[Available data]:
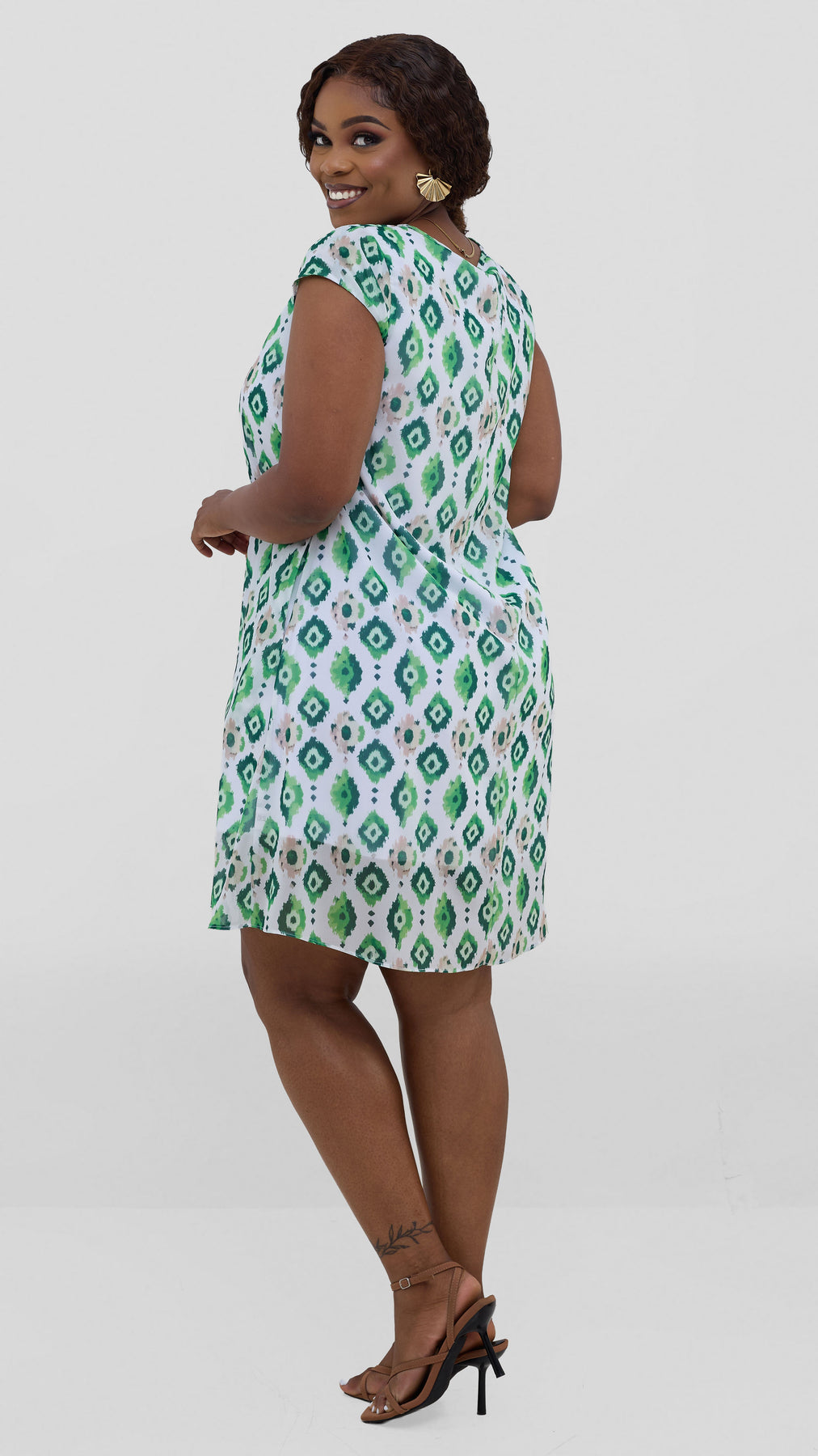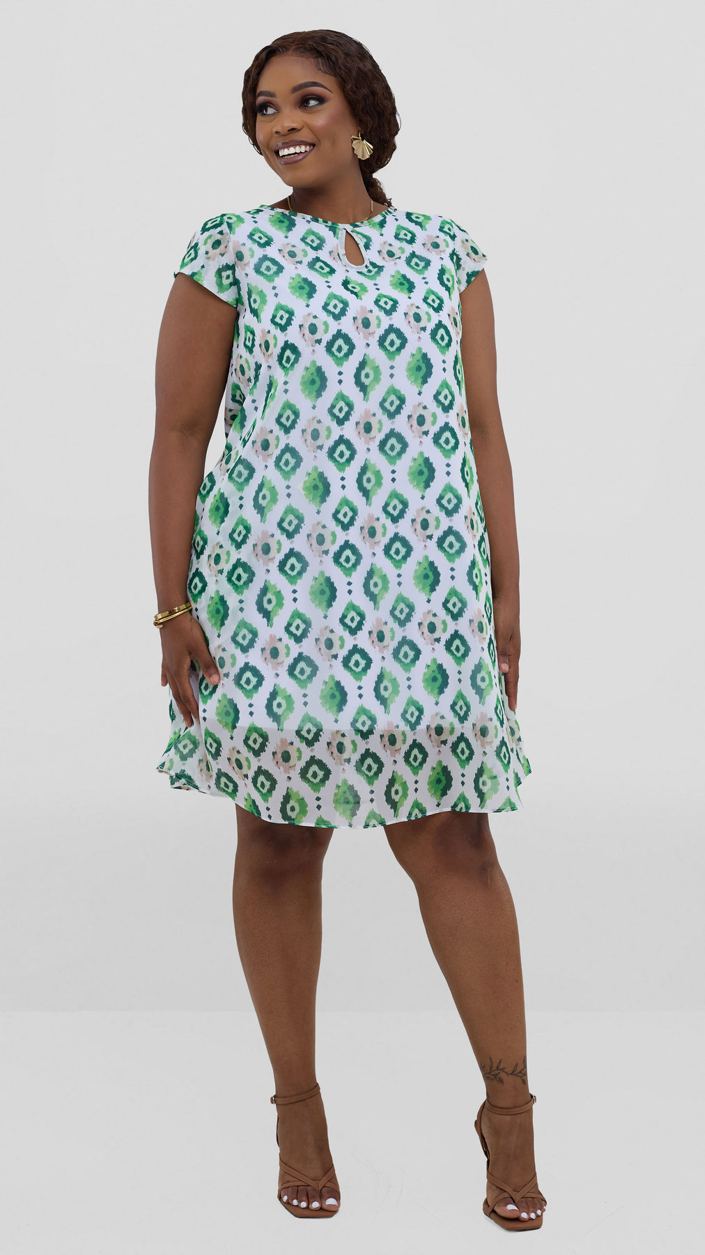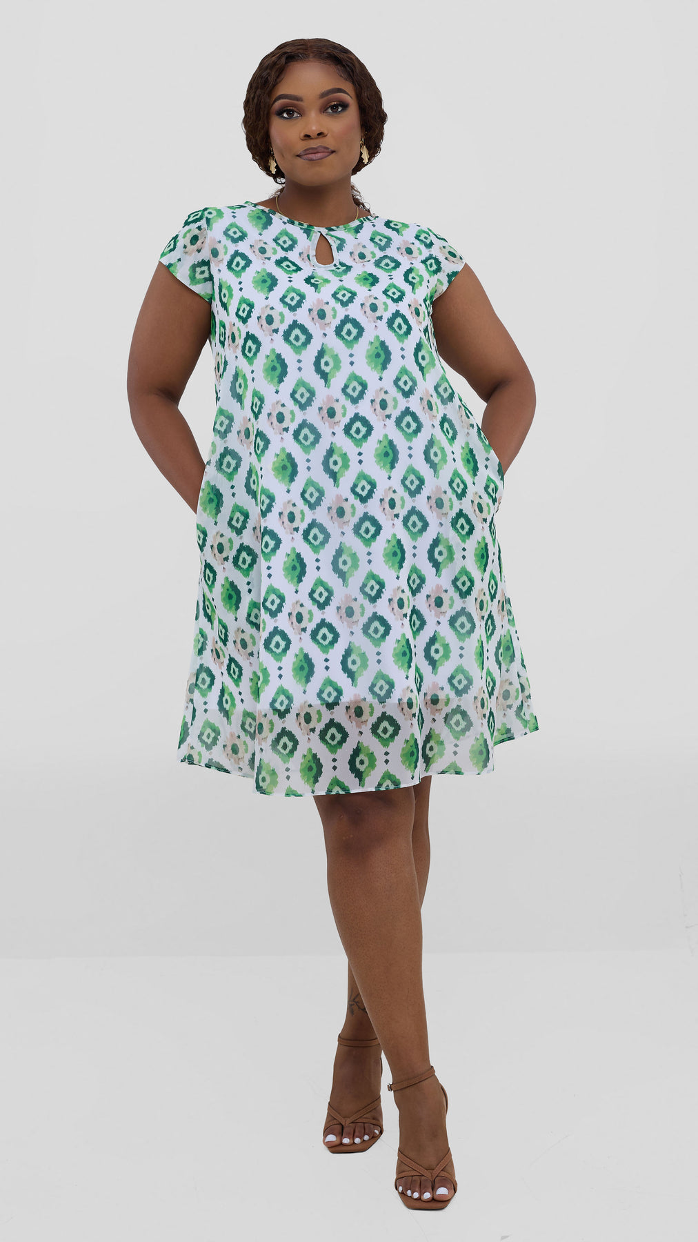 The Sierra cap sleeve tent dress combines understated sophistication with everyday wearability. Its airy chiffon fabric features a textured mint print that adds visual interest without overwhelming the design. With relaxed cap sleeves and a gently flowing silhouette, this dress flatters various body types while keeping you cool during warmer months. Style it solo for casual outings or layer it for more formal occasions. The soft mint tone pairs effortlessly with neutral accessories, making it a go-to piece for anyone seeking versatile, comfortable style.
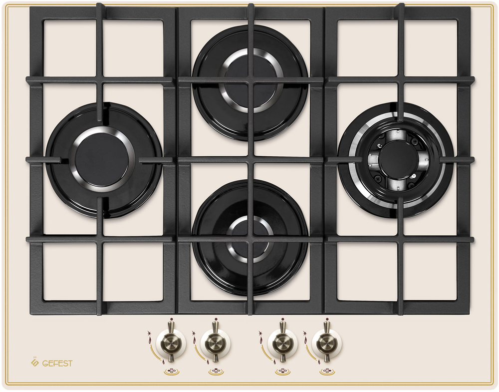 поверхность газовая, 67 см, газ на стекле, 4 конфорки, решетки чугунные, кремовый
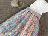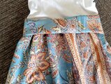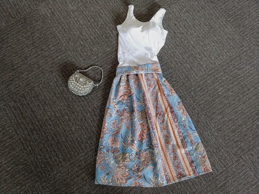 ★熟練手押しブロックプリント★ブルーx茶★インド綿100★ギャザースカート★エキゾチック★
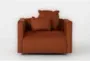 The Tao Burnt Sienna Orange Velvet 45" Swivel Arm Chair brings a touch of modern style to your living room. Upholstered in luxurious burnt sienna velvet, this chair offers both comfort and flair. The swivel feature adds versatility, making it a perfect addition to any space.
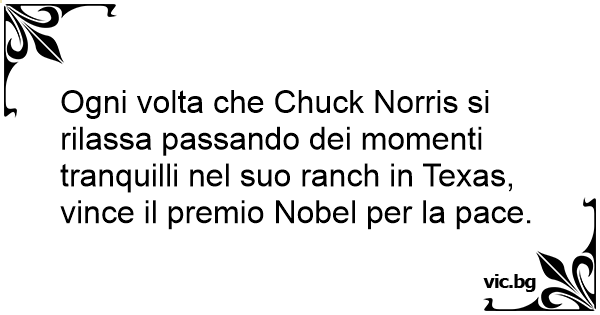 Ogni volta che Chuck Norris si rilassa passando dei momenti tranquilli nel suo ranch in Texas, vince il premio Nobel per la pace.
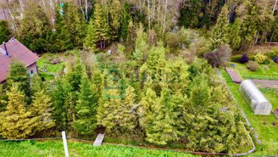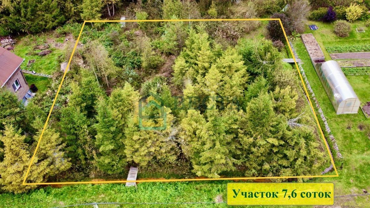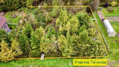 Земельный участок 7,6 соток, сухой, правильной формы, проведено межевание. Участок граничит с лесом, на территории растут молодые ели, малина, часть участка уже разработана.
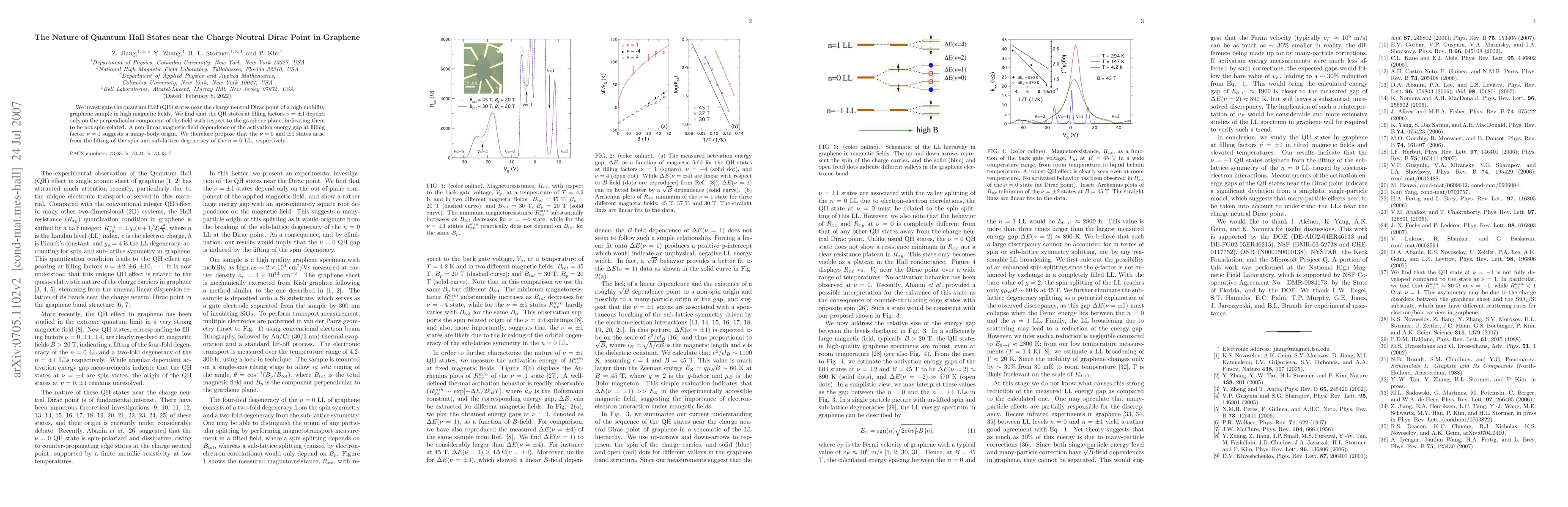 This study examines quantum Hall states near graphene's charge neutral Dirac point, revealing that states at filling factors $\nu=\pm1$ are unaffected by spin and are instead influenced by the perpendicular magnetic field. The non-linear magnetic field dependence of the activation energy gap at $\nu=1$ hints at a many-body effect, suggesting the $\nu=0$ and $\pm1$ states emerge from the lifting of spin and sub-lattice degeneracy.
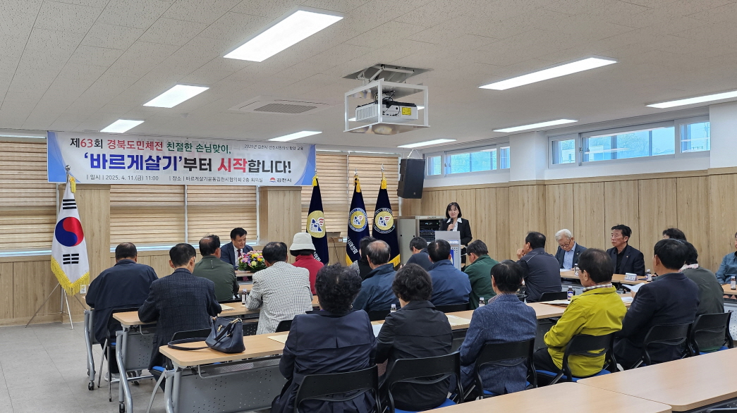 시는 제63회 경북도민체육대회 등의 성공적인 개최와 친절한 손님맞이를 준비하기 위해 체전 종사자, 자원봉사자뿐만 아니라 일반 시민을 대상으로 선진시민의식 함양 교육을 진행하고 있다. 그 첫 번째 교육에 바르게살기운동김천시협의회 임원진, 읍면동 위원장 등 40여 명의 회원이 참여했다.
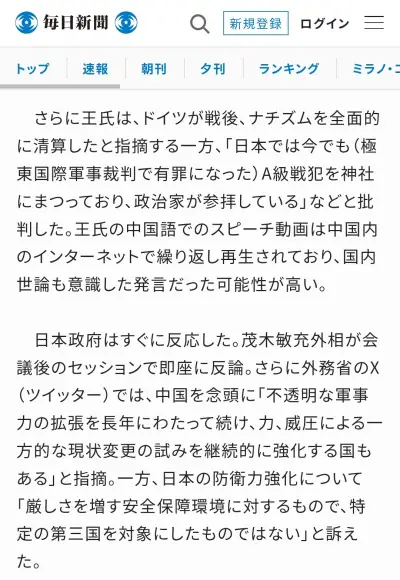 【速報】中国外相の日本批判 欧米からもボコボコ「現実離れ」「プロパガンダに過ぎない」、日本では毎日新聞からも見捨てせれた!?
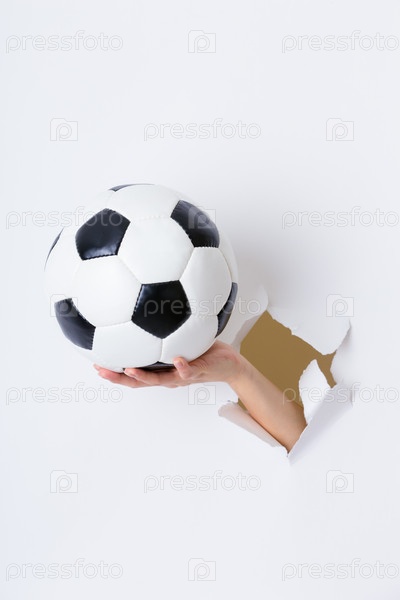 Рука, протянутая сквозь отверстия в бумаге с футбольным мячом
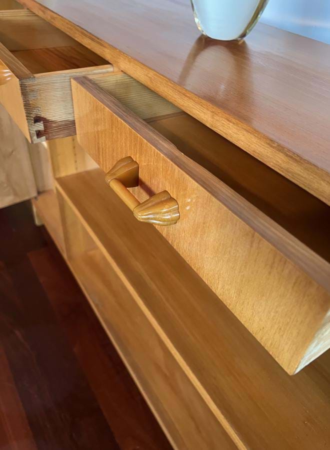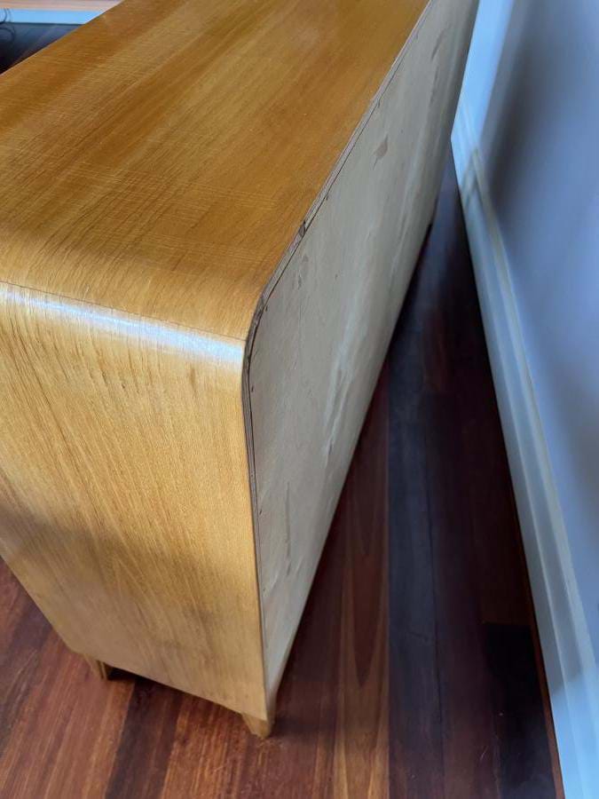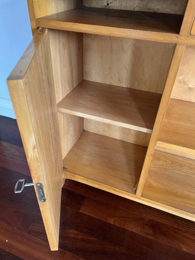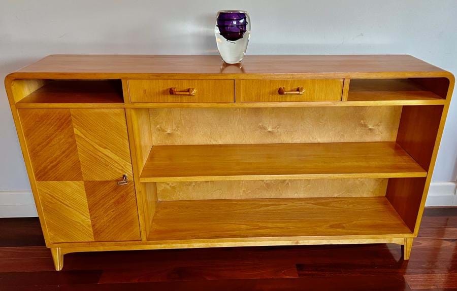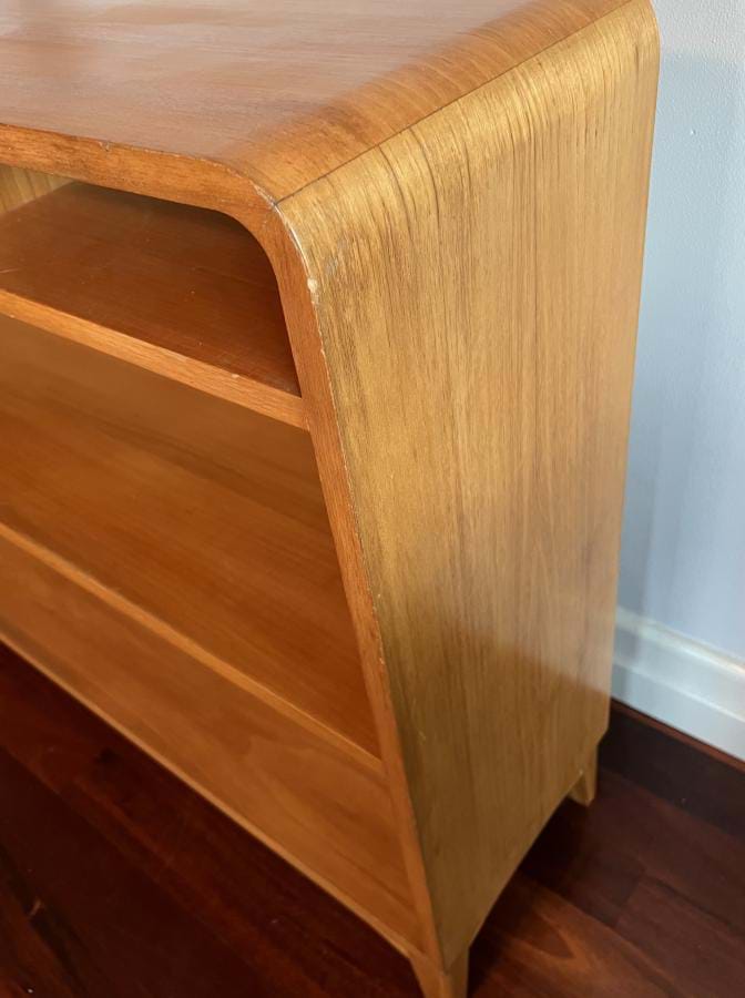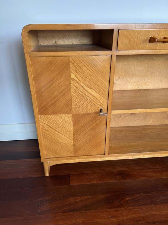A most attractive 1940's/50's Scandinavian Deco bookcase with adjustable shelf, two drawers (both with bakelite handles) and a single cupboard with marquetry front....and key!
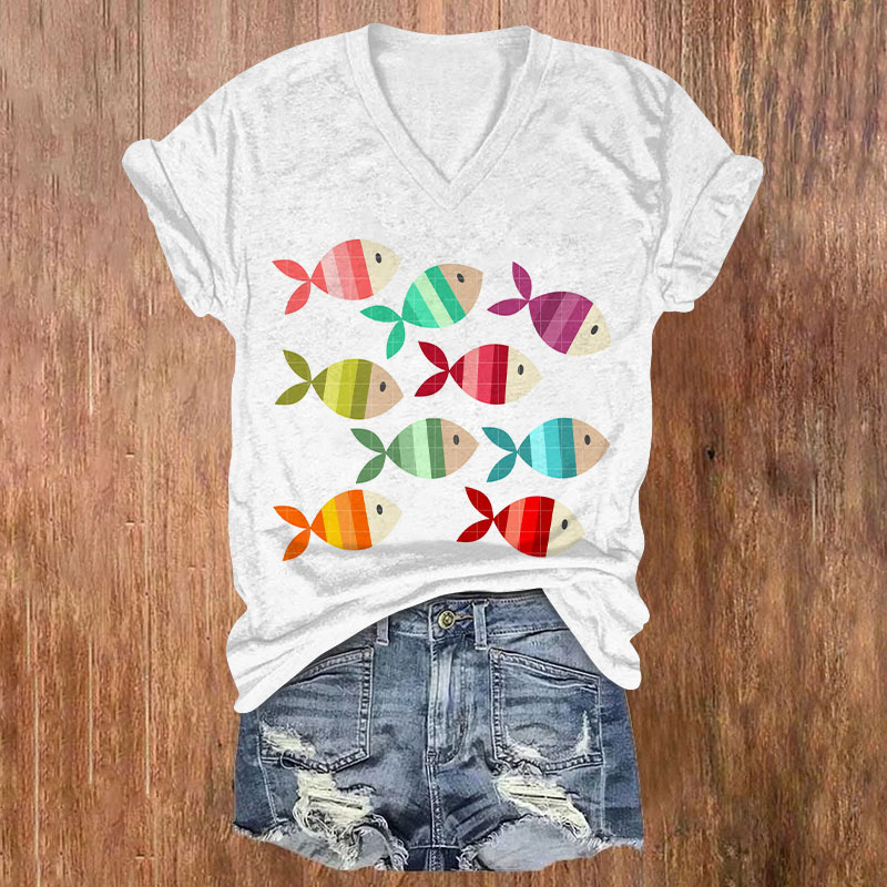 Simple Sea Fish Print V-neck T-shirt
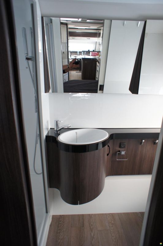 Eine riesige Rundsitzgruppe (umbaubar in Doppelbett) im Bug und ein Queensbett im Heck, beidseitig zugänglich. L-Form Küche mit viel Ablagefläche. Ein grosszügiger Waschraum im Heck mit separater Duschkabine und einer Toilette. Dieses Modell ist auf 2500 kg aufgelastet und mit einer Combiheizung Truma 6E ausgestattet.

[Exercise objective]: Print out the material verbatim, skipping pictures.

[Final answer]:
 The Sierra cap sleeve tent dress combines understated sophistication with everyday wearability. Its airy chiffon fabric features a textured mint print that adds visual interest without overwhelming the design. With relaxed cap sleeves and a gently flowing silhouette, this dress flatters various body types while keeping you cool during warmer months. Style it solo for casual outings or layer it for more formal occasions. The soft mint tone pairs effortlessly with neutral accessories, making it a go-to piece for anyone seeking versatile, comfortable style.
 поверхность газовая, 67 см, газ на стекле, 4 конфорки, решетки чугунные, кремовый
 ★熟練手押しブロックプリント★ブルーx茶★インド綿100★ギャザースカート★エキゾチック★
 The Tao Burnt Sienna Orange Velvet 45" Swivel Arm Chair brings a touch of modern style to your living room. Upholstered in luxurious burnt sienna velvet, this chair offers both comfort and flair. The swivel feature adds versatility, making it a perfect addition to any space.
 Ogni volta che Chuck Norris si rilassa passando dei momenti tranquilli nel suo ranch in Texas, vince il premio Nobel per la pace.
 Земельный участок 7,6 соток, сухой, правильной формы, проведено межевание. Участок граничит с лесом, на территории растут молодые ели, малина, часть участка уже разработана.
 This study examines quantum Hall states near graphene's charge neutral Dirac point, revealing that states at filling factors $\nu=\pm1$ are unaffected by spin and are instead influenced by the perpendicular magnetic field. The non-linear magnetic field dependence of the activation energy gap at $\nu=1$ hints at a many-body effect, suggesting the $\nu=0$ and $\pm1$ states emerge from the lifting of spin and sub-lattice degeneracy.
 시는 제63회 경북도민체육대회 등의 성공적인 개최와 친절한 손님맞이를 준비하기 위해 체전 종사자, 자원봉사자뿐만 아니라 일반 시민을 대상으로 선진시민의식 함양 교육을 진행하고 있다. 그 첫 번째 교육에 바르게살기운동김천시협의회 임원진, 읍면동 위원장 등 40여 명의 회원이 참여했다.
 【速報】中国外相の日本批判 欧米からもボコボコ「現実離れ」「プロパガンダに過ぎない」、日本では毎日新聞からも見捨てせれた!?
 Рука, протянутая сквозь отверстия в бумаге с футбольным мячом
A most attractive 1940's/50's Scandinavian Deco bookcase with adjustable shelf, two drawers (both with bakelite handles) and a single cupboard with marquetry front....and key!
 Simple Sea Fish Print V-neck T-shirt
 Eine riesige Rundsitzgruppe (umbaubar in Doppelbett) im Bug und ein Queensbett im Heck, beidseitig zugänglich. L-Form Küche mit viel Ablagefläche. Ein grosszügiger Waschraum im Heck mit separater Duschkabine und einer Toilette. Dieses Modell ist auf 2500 kg aufgelastet und mit einer Combiheizung Truma 6E ausgestattet.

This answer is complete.